Overlay error budgets for a high-throughput SCALPEL system

The implementation of SCALPEL for post-optical production lithography generations, including mix-and-match options, involves unique issues in alignment and overlay. SCALPELs use of stitching modifies the familiar analysis of overlay errors. Stitching may produce a small, localized image- placement error, but it creates negligible fixed image distortion. It also allows sub-field placement adjustments to correct some of the distortion errors in mix-and-match optimization. SCALPEL can use existing off-axis alignment sensor technologies, but a preferred electron back-scatter technique offers robustness and versatility. For high- throughput operation, a form of global alignment similar to that of full-field tools is likely, but implemented with the dynamic alignment mark scanning capabilities available in the writing strategy. Finally, it is expected that wafer- heating correction issues will factor into the coupled development of optimum writing and alignment strategies, possibly introducing novel mixed operating modes of fine alignment. We shall discus our present overlay error budgets, representing these unique challenges and opportunities for developing a high-throughput SCALPEL tool.

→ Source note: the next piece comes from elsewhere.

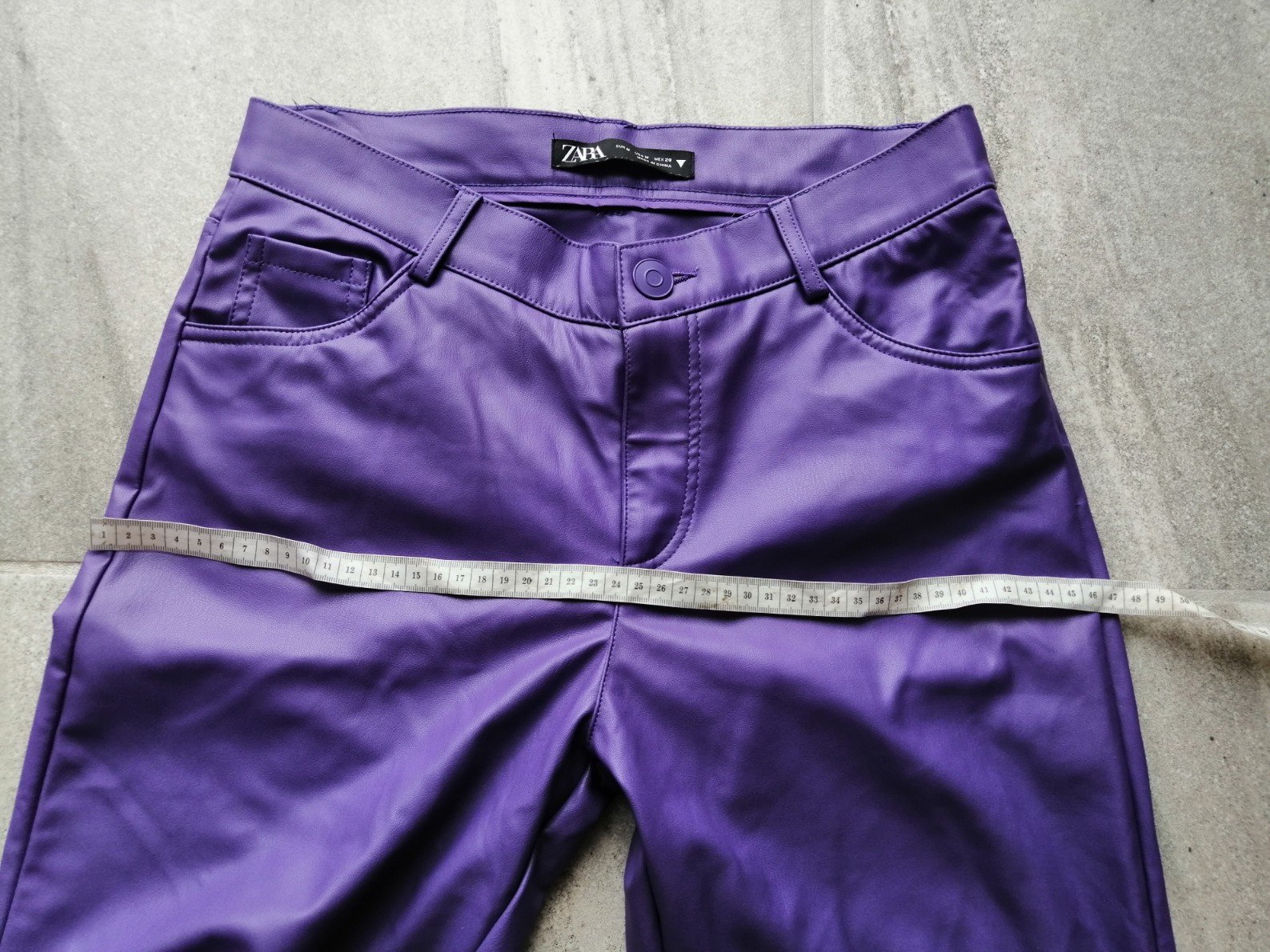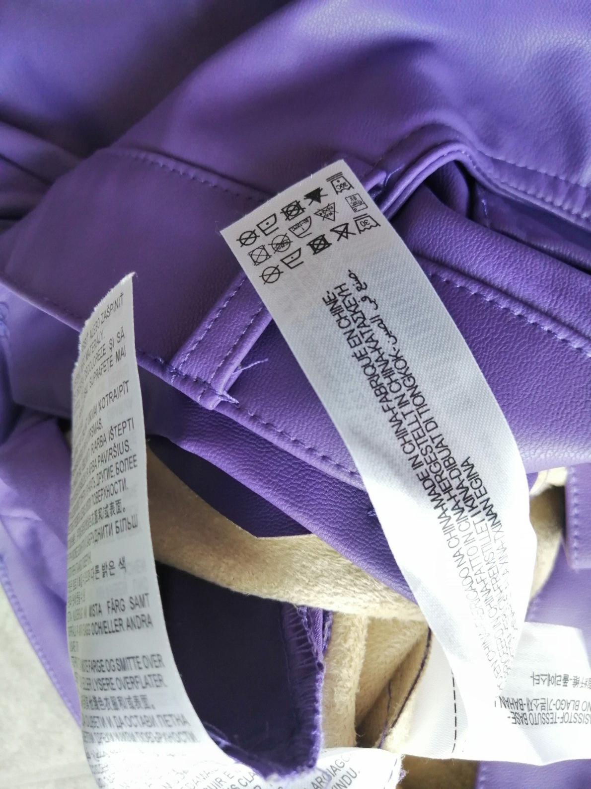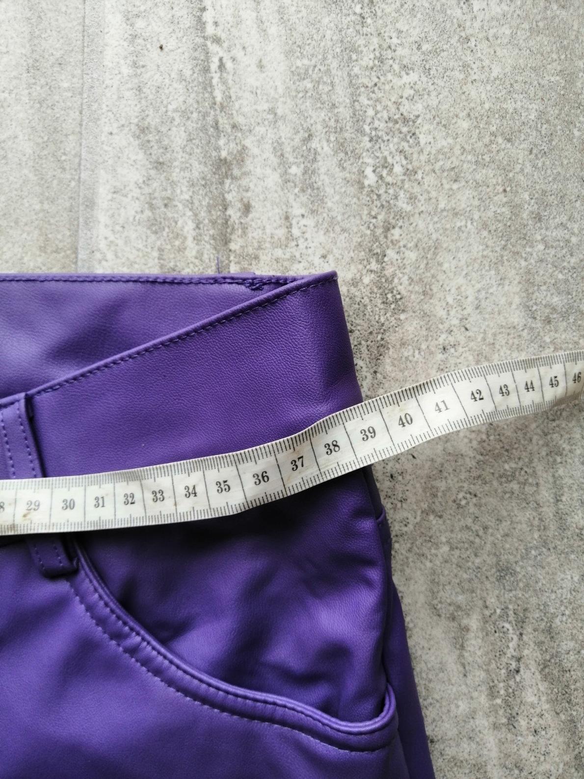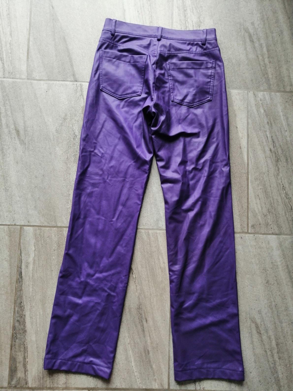 Fialové zateplené kožené nohavice ZARA,vM,38,pružn

Critical dimension control at stitched subfield boundaries in a high-throughput SCALPEL® system

Scattering with angular limitation projection electron-beam lithography (SCALPEL®) is a stitching lithography system, using a segmented mask pattern which is assembled on the wafer by dynamic imaging. Critical objects may lie on the original pattern segment boundaries (seams), but their stitched images must adhere to conservatively interpreted +/−10% critical dimension (CD) control requirements. Stitching with butted (touching) spatial image parts requires an aggressive placement-error allocation of approximately +/−CD/20, along with allowed values for dose control, mask, resist, and process in the CD control budget. Further analysis has shown that a seam-blending scheme increases the stitching-error tolerance by as much as five times, and allows redistribution of all values in the CD error budget. The seam-blending approach provides overlapped image portions in a small area common to neighboring segments which receive complementary illumination dose portions.

Analytical-based solutions for SCALPEL wafer heating

When operating in high-throughput conditions, SCALPELs 100 keV electron beam causes significant dynamic wafer deformation. To complement extensive finite element analysis, we have undertaken an analytical solution to the governing heat transfer and elastic strain equations and boundary conditions. This efficient, Green’s function-based computational approach is able to support a robust and versatile image-placement correction strategy.